Exercise prompt
Print out the entries from the line containing "Sensor drift was" through the last line, exactly, and print nothing else. Pictures are not copied.

┄┄┄┄┄┄┄┄┄┄

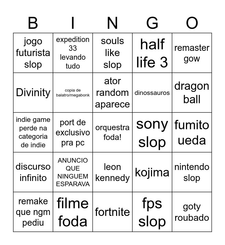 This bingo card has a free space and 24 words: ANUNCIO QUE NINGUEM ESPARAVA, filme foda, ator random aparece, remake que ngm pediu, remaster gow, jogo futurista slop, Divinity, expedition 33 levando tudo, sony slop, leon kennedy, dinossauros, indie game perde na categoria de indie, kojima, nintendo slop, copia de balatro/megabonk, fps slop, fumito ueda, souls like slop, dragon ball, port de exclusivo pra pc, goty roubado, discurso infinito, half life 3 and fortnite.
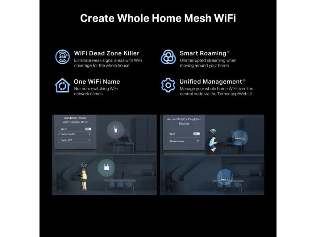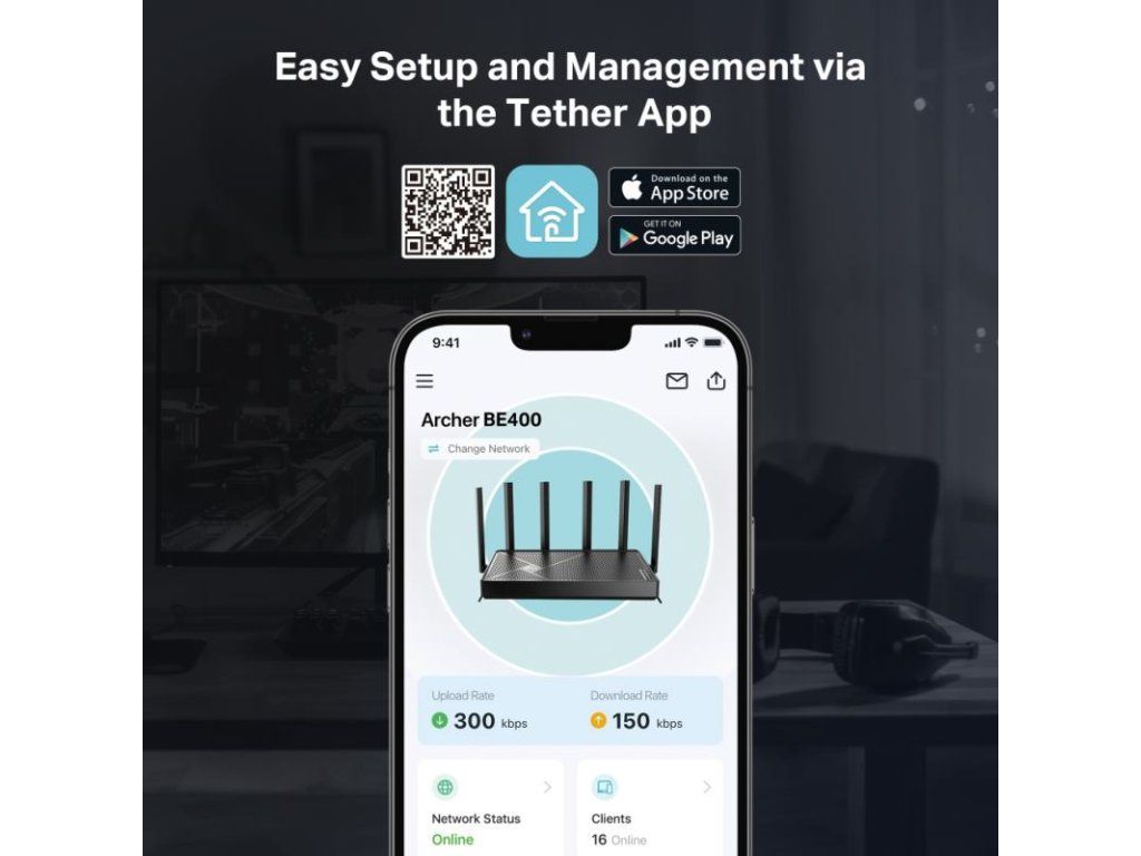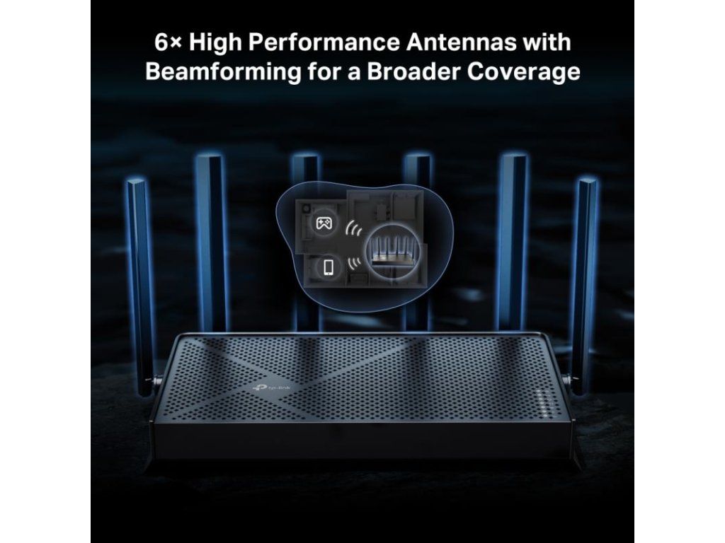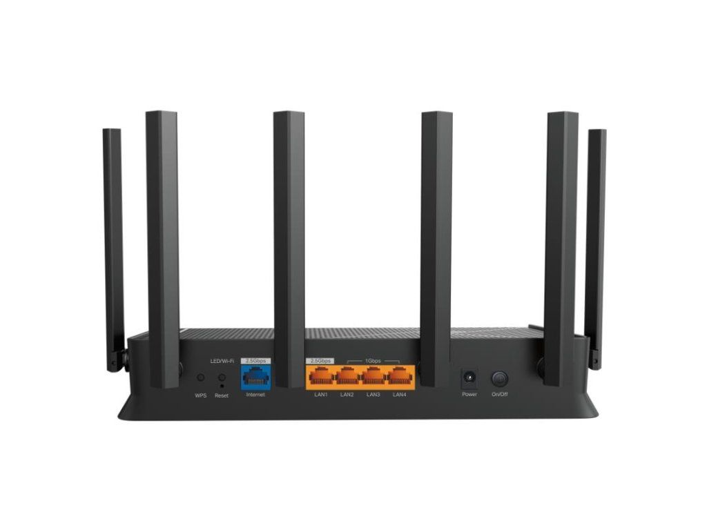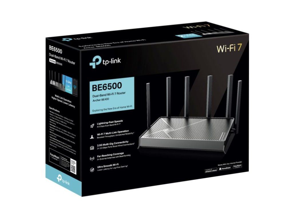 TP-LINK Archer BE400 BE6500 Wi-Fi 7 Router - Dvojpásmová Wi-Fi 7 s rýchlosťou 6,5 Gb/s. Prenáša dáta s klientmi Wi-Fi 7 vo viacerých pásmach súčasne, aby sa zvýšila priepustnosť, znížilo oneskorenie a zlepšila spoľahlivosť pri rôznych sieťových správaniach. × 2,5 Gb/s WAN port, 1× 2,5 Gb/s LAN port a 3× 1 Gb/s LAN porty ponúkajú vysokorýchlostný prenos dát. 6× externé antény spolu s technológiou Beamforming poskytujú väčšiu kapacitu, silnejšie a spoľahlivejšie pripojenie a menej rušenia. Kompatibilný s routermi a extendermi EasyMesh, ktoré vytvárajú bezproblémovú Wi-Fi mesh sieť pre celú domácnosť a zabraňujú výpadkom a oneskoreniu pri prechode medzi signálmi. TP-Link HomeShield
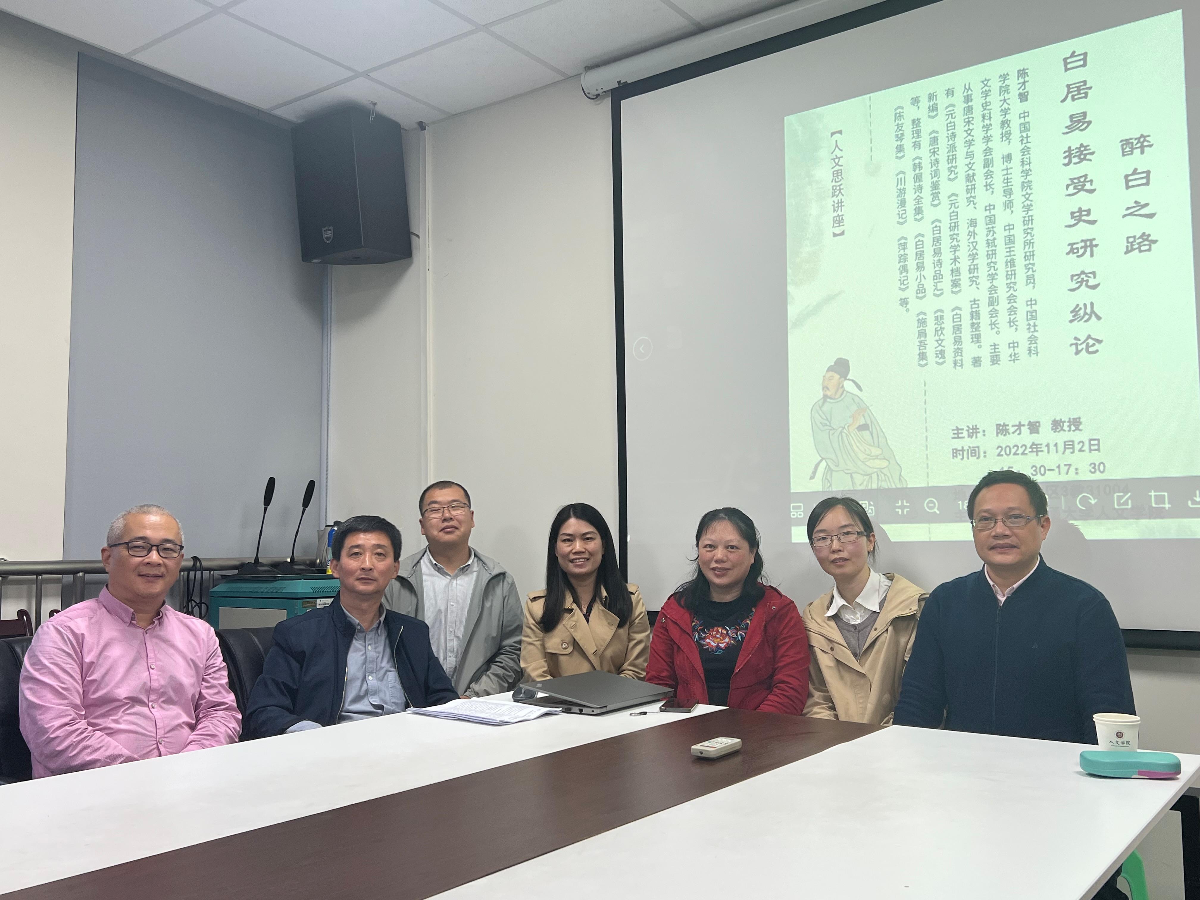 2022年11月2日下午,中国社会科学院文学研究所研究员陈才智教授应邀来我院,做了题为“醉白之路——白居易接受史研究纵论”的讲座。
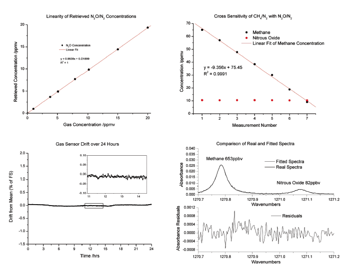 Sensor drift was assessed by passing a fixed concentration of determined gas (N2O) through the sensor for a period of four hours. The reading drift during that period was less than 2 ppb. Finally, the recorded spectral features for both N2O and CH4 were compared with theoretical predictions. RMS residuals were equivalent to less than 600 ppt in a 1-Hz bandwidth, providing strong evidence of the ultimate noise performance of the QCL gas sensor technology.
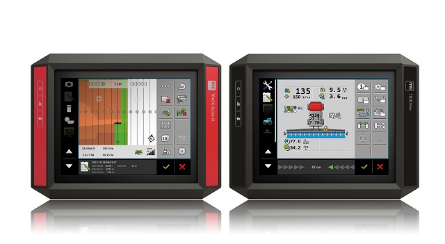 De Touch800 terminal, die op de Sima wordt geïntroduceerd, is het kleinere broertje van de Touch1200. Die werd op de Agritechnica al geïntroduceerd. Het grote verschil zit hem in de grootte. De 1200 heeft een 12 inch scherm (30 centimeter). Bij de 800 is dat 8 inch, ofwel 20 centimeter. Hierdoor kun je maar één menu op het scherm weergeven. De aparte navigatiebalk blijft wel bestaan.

┄┄┄┄┄┄┄┄┄┄

Output
 Sensor drift was assessed by passing a fixed concentration of determined gas (N2O) through the sensor for a period of four hours. The reading drift during that period was less than 2 ppb. Finally, the recorded spectral features for both N2O and CH4 were compared with theoretical predictions. RMS residuals were equivalent to less than 600 ppt in a 1-Hz bandwidth, providing strong evidence of the ultimate noise performance of the QCL gas sensor technology.
 De Touch800 terminal, die op de Sima wordt geïntroduceerd, is het kleinere broertje van de Touch1200. Die werd op de Agritechnica al geïntroduceerd. Het grote verschil zit hem in de grootte. De 1200 heeft een 12 inch scherm (30 centimeter). Bij de 800 is dat 8 inch, ofwel 20 centimeter. Hierdoor kun je maar één menu op het scherm weergeven. De aparte navigatiebalk blijft wel bestaan.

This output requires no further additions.